Fresh every day .

この島に停泊して三日目、今日は特に何もやることが無かったので船尾で一日中寝ているといつの間にか待ちに待った夜が来ていた。そのことにギョッと驚いた俺は急いで飯を掻き込み街灯の明かりの中を走り出すと船の中から聞こえてくる仲間たちの騒ぎ声がここまで響いてきて何となく心強くなった。早く、もっと早く走れ俺。大きく足を動かして、自分から会いに行きたいんだ。早くあいつを一目見たいんだ。

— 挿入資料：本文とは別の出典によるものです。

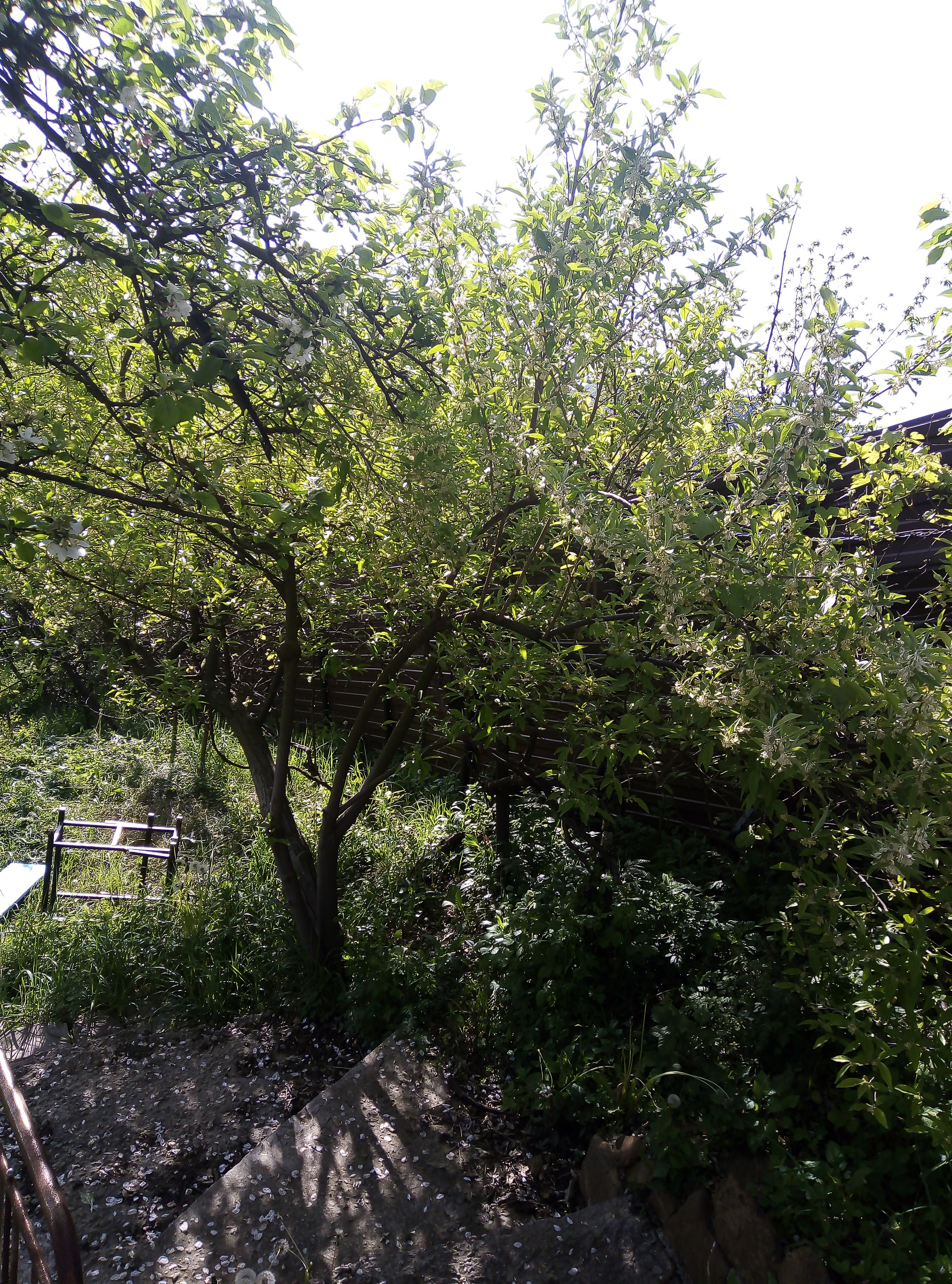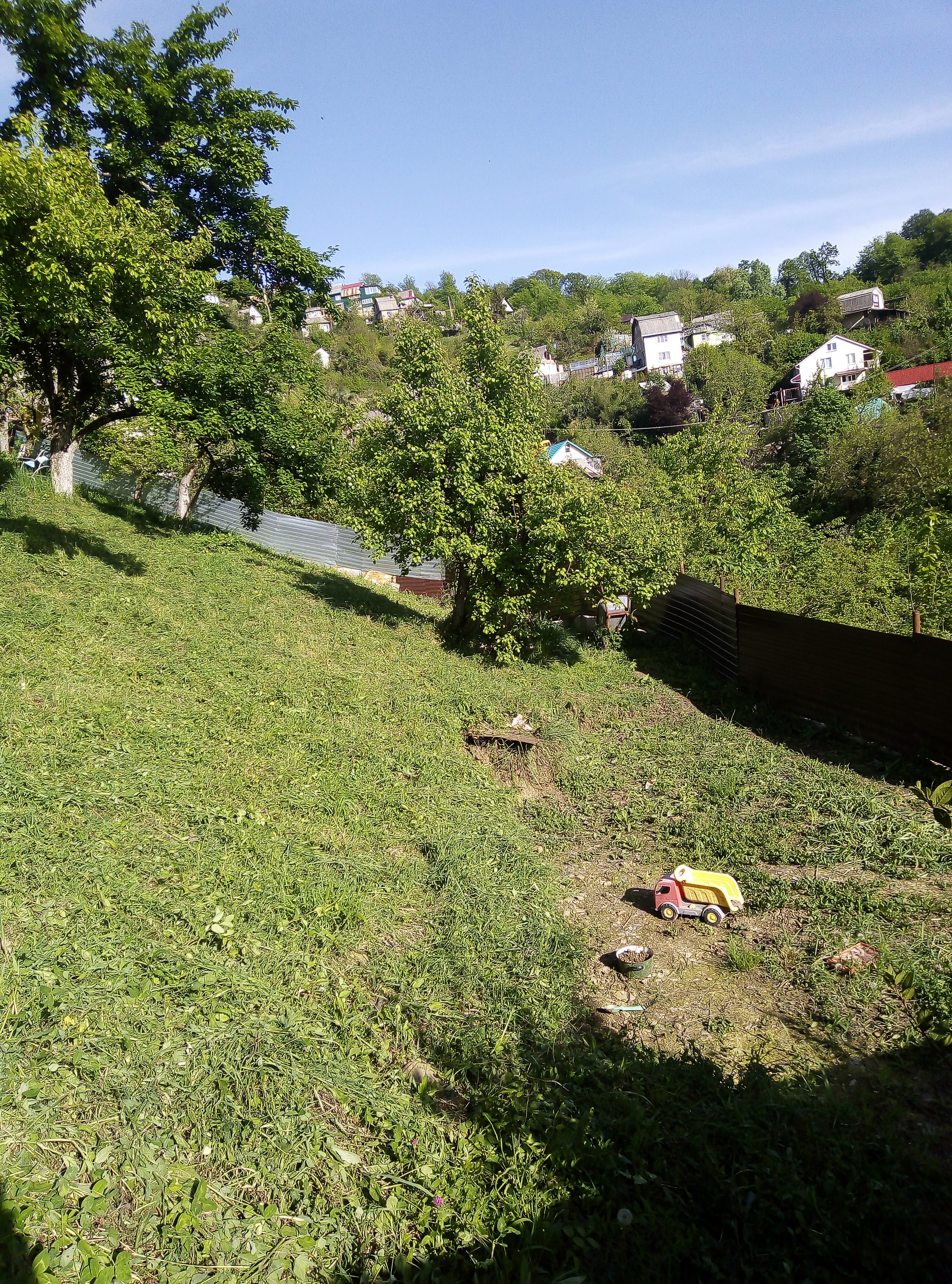 Есть много плодовых деревьев: яблоня 6 шт.,груша 3 шт., хурма 4 шт., инжир 2 шт., алыча 3 шт., слива 5шт., барбарис 2 шт., гранат, виноград.

勢いよく走ったかいあって案外早めにバーに着くことが出来たがはあ、はあ、と息を切らしていたので手で汗を拭い、息を整えてからバーのドアを開けた。

「よお」

転がっている酒瓶を避けながらなまえの隣に腰をかけたが当のあいつはカウンターに突っ伏したまま微動だにしなかった。な、なんだこいつ…と不審に思った俺はゆさゆさとなまえを揺すってみたがそれでも反応はなかった。

「…寝てやがる。」

はあ…、とホトホト呆れた俺はとりあえず隣で寝息を立てているなまえの方向を向きながら頬杖をついた。ちくたくと秒針が進む中、ただ待っているのも暇だったのであいつのまじまじと顔を眺めてみるとこいつが以外と整った顔していることに気が付いた。だって色白だし睫毛も長いし鼻筋もスラッとしているし唇も綺麗だし…ん?でもこいつ、目の下に少しだけ隈が出来てるな。もしかして疲れていたのか?……ま、そりゃそうか。毎日酒や食べ物を仕入れたり、客の為に料理を振る舞ったり客の相手をするのが朝から晩まで続くんだもんな。大変に決まってるよな。

「………」

「スー…」

「まあ…おつかれ。」

俺は椅子にかかってたブランケットをあいつにかけてやり店を出た。とりあえずもう今日はこのまま帰ろう。また明日、また明日会いに行けばいい。まだ時間はたっぷりある。